# Breusch-Pagan test

## Breusch-Pagan test :

The Breusch-Pagan test is a statistical test used to assess the presence of heteroscedasticity in a linear regression model. Heteroscedasticity refers to the unequal variance of the error terms in the model, which can lead to biased estimates of the regression coefficients and inaccurate inference.
To understand the Breusch-Pagan test, it is helpful to first review the assumptions of linear regression. One of these assumptions is that the error terms are homoscedastic, meaning that they have constant variance across different values of the independent variables. This assumption allows us to use the ordinary least squares (OLS) method to estimate the regression coefficients, which are unbiased and have the smallest possible variance.
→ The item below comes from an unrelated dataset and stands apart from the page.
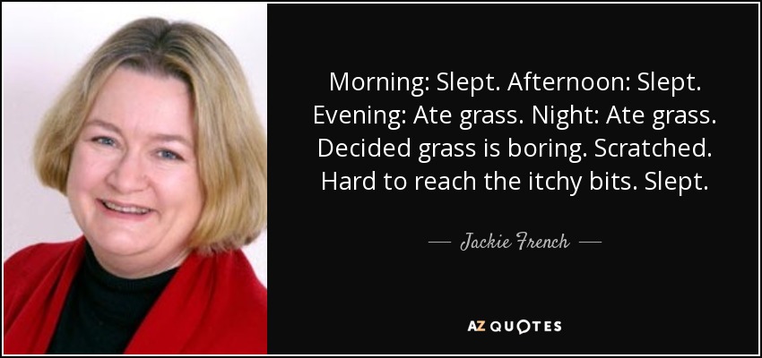 Morning: Slept. Afternoon: Slept. Evening: Ate grass. Night: Ate grass. Decided grass is boring. Scratched. Hard to reach the itchy bits. Slept.

However, if the error terms are heteroscedastic, the OLS estimates are still unbiased but they are no longer the best estimators. In this case, the variance of the error terms increases with the magnitude of the independent variables, leading to inaccurate inference. To deal with this problem, we can use weighted least squares (WLS) to adjust the weights of the observations according to their variances, or we can use robust standard errors to obtain more accurate inference.
The Breusch-Pagan test is a statistical test that assesses the presence of heteroscedasticity in a linear regression model. It is based on the null hypothesis that the error terms are homoscedastic, and the alternative hypothesis that they are heteroscedastic. The test statistic is the ratio of the residual sum of squares (RSS) of the original regression model to the RSS of a regression model where the squared residuals are regressed on the independent variables. This ratio is distributed as a chi-squared statistic with degrees of freedom equal to the number of independent variables in the model.
To conduct the Breusch-Pagan test, we first fit a linear regression model with the dependent variable and the independent variables. Then, we compute the residuals of the model and square them to obtain the squared residuals. Next, we fit a new regression model with the squared residuals as the dependent variable and the independent variables as the independent variables. Finally, we compute the ratio of the RSS of the original model to the RSS of the squared residuals model and compare it to the critical value of the chi-squared distribution with the appropriate degrees of freedom.
If the computed value is larger than the critical value, we reject the null hypothesis and conclude that the error terms are heteroscedastic. If the computed value is smaller than the critical value, we fail to reject the null hypothesis and conclude that the error terms are homoscedastic.
Let’s illustrate the Breusch-Pagan test with an example. Suppose we have a dataset with the daily closing prices of a stock and the daily returns of the stock market index. We want to investigate whether there is a relationship between the stock returns and the market returns, and whether the error terms are homoscedastic. We can use the Breusch-Pagan test to assess this.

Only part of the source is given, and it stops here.